Chula, Samba de roda, Samba carioca:three music genres that are very similar and put together the taste and the character of the whole Brazil. A music that everybody in the world likes, knows and envies, it express itself through the energy of the syncopate rhythm, the saudade of the song and the sensuality of the dance. A music that has its roots in the black Africa and grows its character in the Brazilian territory with the slaves’ songs. .
Walking through the stalls of Santo Amaro da Purificação, I’m going to discover with Roberto Mendes the origins of the Samba in a country that has been able to transform the poverty in a strongbox of cultural and musical richness.
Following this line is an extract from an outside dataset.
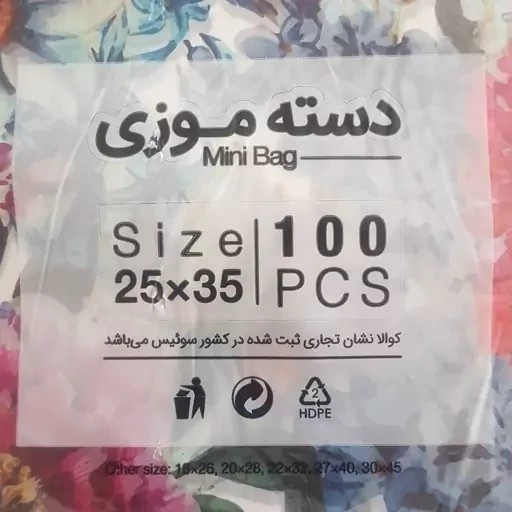 کیسه خرید کوالا 35 در 25 کیسه فروشگاهی بسته 100 عددی کیسه خرید دسته موزی نایلونی کوالا پلاستیکی عمده فروشی

Roberto says: “Santo Amaro da Purificação is a family,I think that it’s the only place where the poverty has been generous... because we have wonderful songs and a delicious food. Who can prepare a good dish with pork ears, skin and feet if not the necessity to do it? Only the necessity can create a good kitchen like the Reconcavo bahiano one. In this way the fajoulada bahiana was born, invented by the slaves that mixed the things that white people didn’t use. The food determines people’s culture and their sound is the Chula”. VERSIONE IN ITALIANO - VERSIÓN EN ESPAÑOL .
HISTORICAL SOURCES: The Chula is considered the antecedent of the traditional Samba like all the Brazilian genres, it’s the result of a syncretism of different musical cultures. In the XVI century the Portuguese began to deport to the so called Reconcavo Bahiano Region – that includes only few towns of the Bahia State, among those there’s Santo Amaro de Purificação – the first Angola slaves, the promoters the Bantu culture. In the XVIII century was the turn of the Sudanese slaves of the Beni culture. The mix between these two African cultures, with the Portuguese and in part with the aboriginal ones, gave origin to the Portuguese Chula Aldea, that is a labour song used in the sugar cane fields and during the parties that the slaves had after many forced labour hours. A musical richness generated by the poverty and the labour of a population that had sound and rhythm in their blood and was able to translate every labour movement in a rhythm, every moan in a song. Some sources say that the Chula later generates the Samba Carioca thanks to the migration of the bahian blacks to Rio de Janeiro in the XIX century
THE CHULA:according to Roberto Mendes the Chula is a “behaviour translated into a song”.The words are about love, nature, the rhythm is snappy and syncopated, the dancing is lively and sensual, but at the same time it's elegant. One day I asked to Roberto how can words, rhythm and dance of this genre be so cheerful, if they are the result of many trials, injustices and a miserable life lost working for the colonizer owner. Roberto answered me in a simply way, as it was the most obvious thing of the world: “African People never renounce to the cheerfulness and they live the sadness in a different way compared to other people. The Chula is generated by the necessity to sing in order to maintain this cheerfulness”.
DURING THE PARTIES THE SLAVES SANG songs in honour of the women who created, with the instrumentalists, a circle, and inside of it they danced at the Samba rhythm. That's why they give it the name “Samba de Roda” that literally means “Samba in circle”. Roberto tells me that years ago only the women used to dance the Chula and, according to the tradition, they can dance only when you play, while when you sing, they accompany the song with the claps of their hands. Today it seems that these details are not longer taken into account, so the Chula and the Samba de Roda are often associated to the same dance.
THE FOLLOWING MP3 IS A CHULA DO RECôNCAVO written by Roberto Mendes and played with the group "Roberto Mendes & Coisa de Pele": Roberto Mendes (violão), Arinaldo Nascimento (Rebolo), Sinho do Cavaco (cavaquinho), Dagmar Ferreira (repinique), Didhe Prado (pandeiro). The title is Linda Morena. Roberto Mendes is considered one of the most estimated Brazilian composer and guitarist of the last twenty years. He's a great expert of the musical tradition of his home country. Roberto is the only Brazilian guitarist who uses a particular and difficult technique to play the Chulado Reconcavo and the Samba de Roda. He wrote pieces and collaborated with very famous artists like Gal Costa, Caetano Veloso, Paulinho Boca. He travels always into America and Europe, but he always can't wait to come back to his beautiful and simply Santo Amaro da Purificação.